Roger Foley, 42, has cerebellar ataxia, a degenerative brain condition that impairs his ability to move his arms and legs. He needs home care to live independently, CTV News reported.

He launched a benchmark case in February against Victoria Hospital London Health Sciences Centre, as well as two health care agencies, and the Ontario and Canadian government, claiming health officials have refused his request to live at home and be in charge of directing his own care.

Foley, who has been in the hospital for more than two years, claims in his lawsuit he was endangered by the care he previously received at home from the government-funded agency South West Local Health Integration Network.

“I have been given the wrong medications, I have been provided food where I got food poisoning, I’ve had workers fall asleep in my living room, burners and appliances constantly left on, a fire, and I have been injured during exercises and transfers,” Foley alleged

“When I report(ed) these things to the agency, I would not get a response.” 

Although euthanasia is legal in Canada since June 2016 for adults who request it and are deemed to have a “grievous and irremediable medical condition,” Foley has been clear he does not want to be killed.

But he says in his lawsuit the hospital offered him euthanasia.

Last week he sent audio recordings to CTV to back up his assertion, along with a statement that he decided to release the recordings “to all Canadians as my situation got very bad recently where I almost died.”

While “not in a position to elaborate on that currently,” Foley added, he wanted to let people know “the real truth before it is too late for my voice to be heard.”

“It is the real truth of what is going on in Canada regarding so many assisted deaths without appropriate safeguards, in combination with the lack of necessary care that is not being provided to persons who are suffering,” Foley says.

In the recordings, two staff at London hospital bring up euthanasia, or “medical assistance in dying” as an option, CTV reported.

In a September 2017 recording, the man tells Foley he may have to pay “north of $1,500 a day” to stay in hospital, to which Foley expresses shock and says he’s read the Ontario health minister says it’s “not legal” for hospitals to coerce patients.

The hospital does this “only in situations where somebody has a plan in the community that is feasible that they’re not going to accept and that’s OK,” the man says.

“You have already violated my preferences…So what is the plan that you know of?” Foley asks.

“Roger, this is not my show,” the man replies. “I told you my piece of this was to talk to you about if you had interest in assisted dying.”

The second conversation takes place in January 2018, in which a man asks Foley how he’s doing and if he feels he wants to harm himself.

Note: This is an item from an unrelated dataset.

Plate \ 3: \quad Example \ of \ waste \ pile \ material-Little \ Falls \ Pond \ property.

Foley responds that he’s “always thinking I want to end my life” because of how the hospital is treating him and because he’s been denied self-directed care.

The man tells Foley he can “just apply to get an assisted, if you want to end your life, like you know what I mean?”

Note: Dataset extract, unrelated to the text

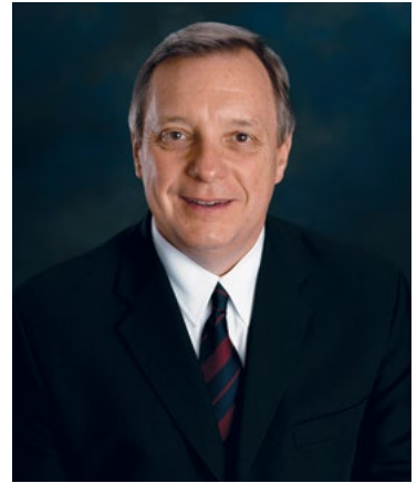
Senator Richard Durbin (D-IL)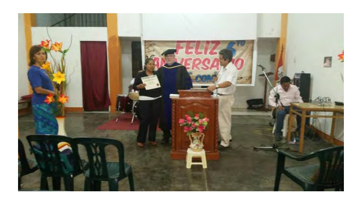
One of our sisters getting her certificate. Praise the Lord! @

In Comas they also lived the experience of having their mini grad. They were really looking forward to celebrating this event as they have finished quarter 3, regarding tithing. This group is the one that has been studying the longest so I consider they really deserved this mini graduation. Praise the Lord! ③. In addition, I hope that after this quarter, the tithing and offerings increase in this church! ⑤

When Foley responds that he’s being compelled to end his life, the man demurs.

“Oh, no, no, no,” he says on the audio recording. “I’m saying if you feel that way … You know what I mean? Don’t get me wrong. I’m saying I don’t want you to be in here and wanting to take your life.”

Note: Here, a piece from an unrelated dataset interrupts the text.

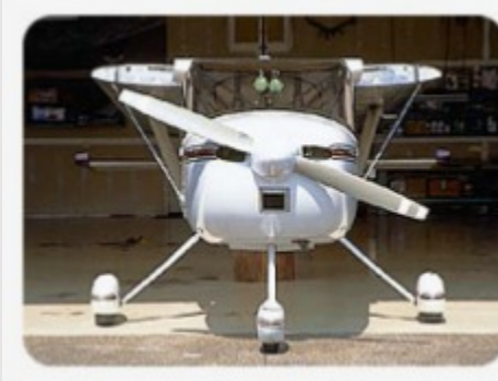
The GlaStar's folding wings then came in

handy. Just get an off-road crane to lift the

Alex Schadenberg, executive director of the Euthanasia Prevention Coalition, which has launched a petition in support of Foley, warns Foley’s case shows what happens when euthanasia is legalized. 

“The opposite side argues that it was their right to die, but in fact, now that we’ve legalized it, the question is protecting your right to live,” he told LifeSiteNews.

“It’s just the beginning, because when we look at the Netherlands and Belgium, the data shows that every year, there are significant numbers of euthanasia deaths without request,” added Schadenberg.

A 2015 study found that 1,000 people were killed by euthanasia in Belgium in 2013.

“You can see the kind of pressure that occurs once you’ve legalized euthanasia,” Schadenberg warned.

“You are giving far too much power over life and death to physicians when you say to them, you have the right to kill your patients, and that is of course actually what happens with euthanasia.”